- [Listed entries]

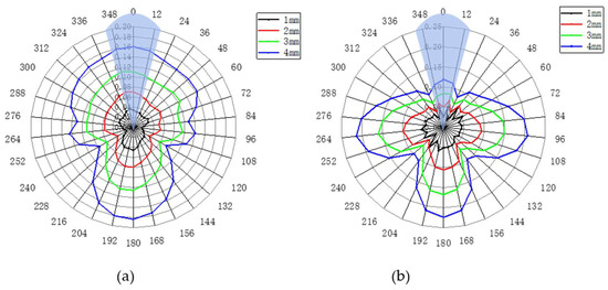 Radar map of circumferential positioning of internal and external defects of pipeline with different defect depths: (a) defect depth of 2 mm; (b) defect depth of 4 mm.
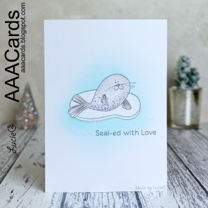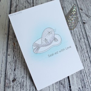 But of course, I can’t resist the odd cutesy purchase here and there! For today’s card, I pulled out the sweet Seymore Seal stamp by Impression Obsession. He’s a November purchase and I’m so pleased that I was able to use him for this challenge! After stamping him, I masked the image and then stamped an ice block from a My Favorite Things set. I masked that block and sponged a light layer of Distress Ink across the background. After I removed the masks I coloured the ice and Seymore using my Twinkling H2Os. The sentiment is also by My Favorite Things.
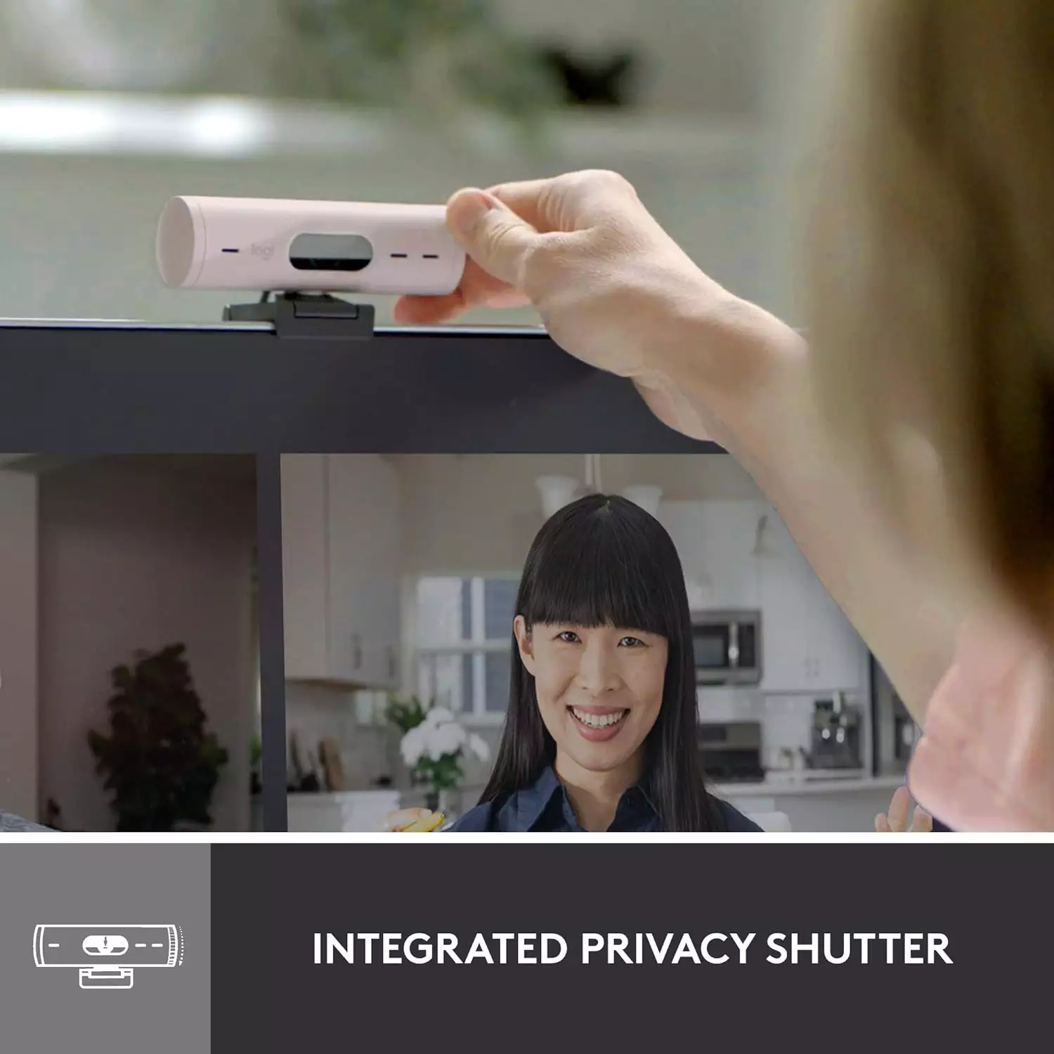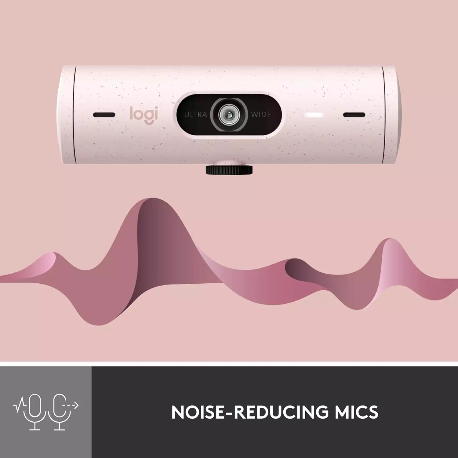 Logitech Brio 500 Full HD Webcam with Auto Light Correction,Show Mode, Dual Noise Reduction Mics (Rose)
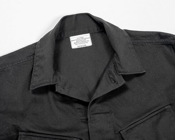 比翼仕立ての2ndタイプ以降のモデルをベースとし、肩のエポレットも省略したデザインは、ポケットの作りやパターンは参考にした古着にできるだけ忠実にし、袖口は開きやすいように変更、背面のヨークやウエストの調整ボタンも無くしています。
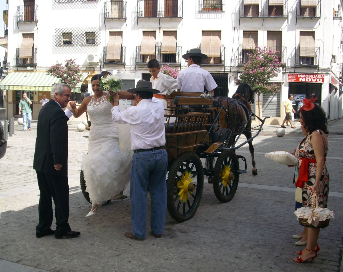No es normal en Diegoweb reportajes que no sean de ciclismo pero el mítico ciclista cordobés Antonio Arenas se nos casaba!, aqui llega la novia Tere, bajando del carro de Caballos, con glamour.
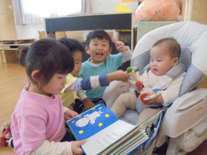 いちご組の新しいお友だちは、すっかりお兄さんお姉さんたちの人気もの♬
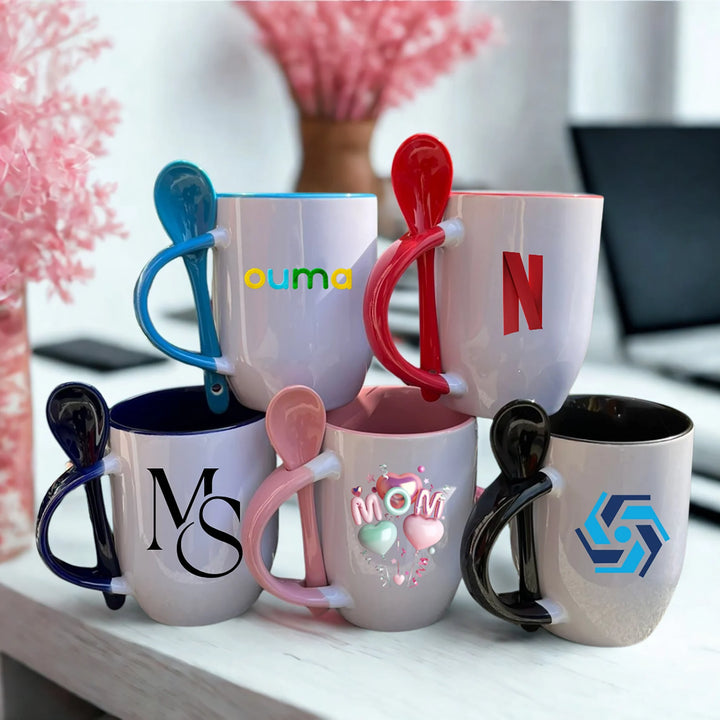 • Capacidad: 12 oz (aprox. 355 ml) • Material: cerámica blanca sublimable • Cuchara del mismo color del interior, encajada en el asa • Área de impresión recomendada: 20 × 9 cm • Medidas: Alto 9,5 cm × Diámetro 8 cm • Colores disponibles: negro, café, verde, azul oscuro, rojo, rosado, naranja, amarillo • Ideal para kits de regalo corporativo, cafeterías internas o branding institucional con toque práctico • Apto para microondas y lavavajillas
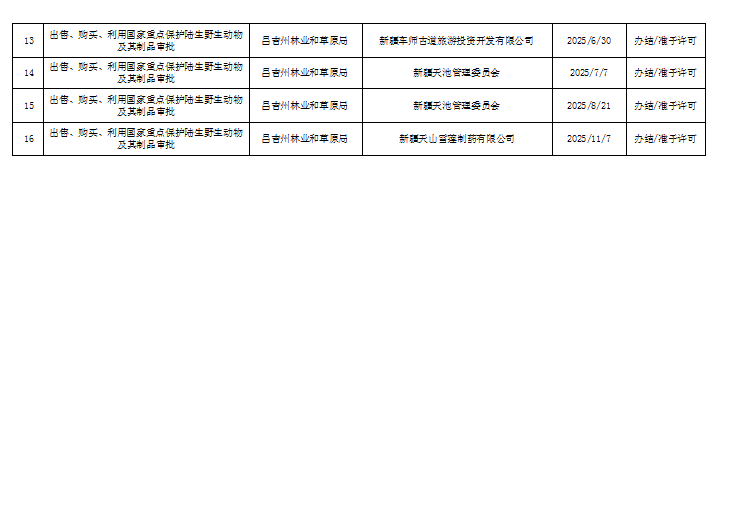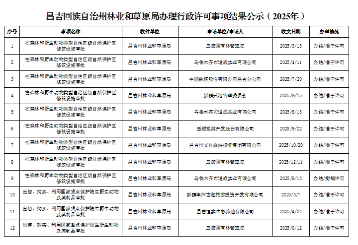 【行政许可】昌吉回族自治州林业和草原局办理行政许可事项结果公示
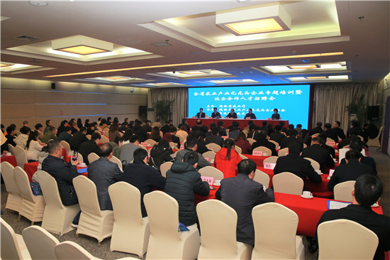 11月21日,由陕西省农业厅主办,350vip浦京集团官网和陕西省农业产业化龙头企业协会承办的全省农业产业化龙头企业专题培训暨校企合作人才招聘会在杨凌职院举行。杨凌职院院长王周锁,纪委书记刘粉莲,党委委员、教务处处长张宏辉,省农业厅产业化处处长翟高友,示范区农业局局长肖永贤,以及杨凌职院招生就业处、生物工程分院负责人参加了招聘会开幕式。
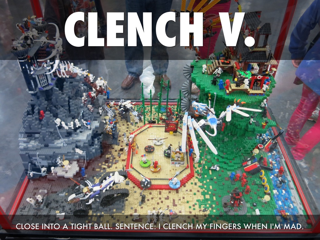 CLOSE INTO A TIGHT BALL. SENTENCE: I CLENCH MY FINGERS WHEN I'M MAD.
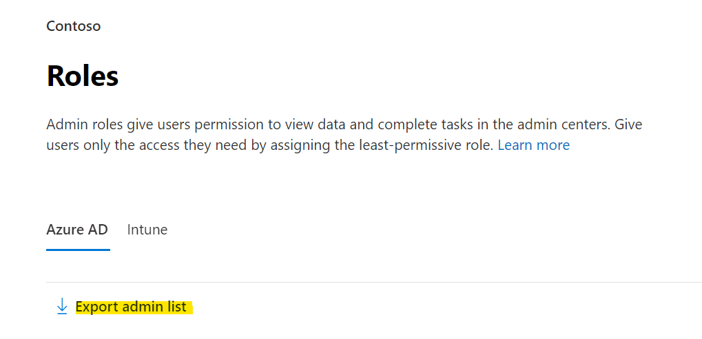 The quickest and easiest way to get a list of admin role assignments is directly from the “Roles” page. We have an option near the top to “Export Admin List”. This option will export a comma-delimited CSV listing all of our users with Admin roles assigned.

- [Work order] Copy exactly the lines from the one containing "いちご組の新しいお友だちは、すっかりお兄さんお姉さんたちの人気もの♬" through the final line of the records above, both included, and leave out any pictures.

- [Final answer]
 いちご組の新しいお友だちは、すっかりお兄さんお姉さんたちの人気もの♬
 • Capacidad: 12 oz (aprox. 355 ml) • Material: cerámica blanca sublimable • Cuchara del mismo color del interior, encajada en el asa • Área de impresión recomendada: 20 × 9 cm • Medidas: Alto 9,5 cm × Diámetro 8 cm • Colores disponibles: negro, café, verde, azul oscuro, rojo, rosado, naranja, amarillo • Ideal para kits de regalo corporativo, cafeterías internas o branding institucional con toque práctico • Apto para microondas y lavavajillas
 【行政许可】昌吉回族自治州林业和草原局办理行政许可事项结果公示
 11月21日,由陕西省农业厅主办,350vip浦京集团官网和陕西省农业产业化龙头企业协会承办的全省农业产业化龙头企业专题培训暨校企合作人才招聘会在杨凌职院举行。杨凌职院院长王周锁,纪委书记刘粉莲,党委委员、教务处处长张宏辉,省农业厅产业化处处长翟高友,示范区农业局局长肖永贤,以及杨凌职院招生就业处、生物工程分院负责人参加了招聘会开幕式。
 CLOSE INTO A TIGHT BALL. SENTENCE: I CLENCH MY FINGERS WHEN I'M MAD.
 The quickest and easiest way to get a list of admin role assignments is directly from the “Roles” page. We have an option near the top to “Export Admin List”. This option will export a comma-delimited CSV listing all of our users with Admin roles assigned.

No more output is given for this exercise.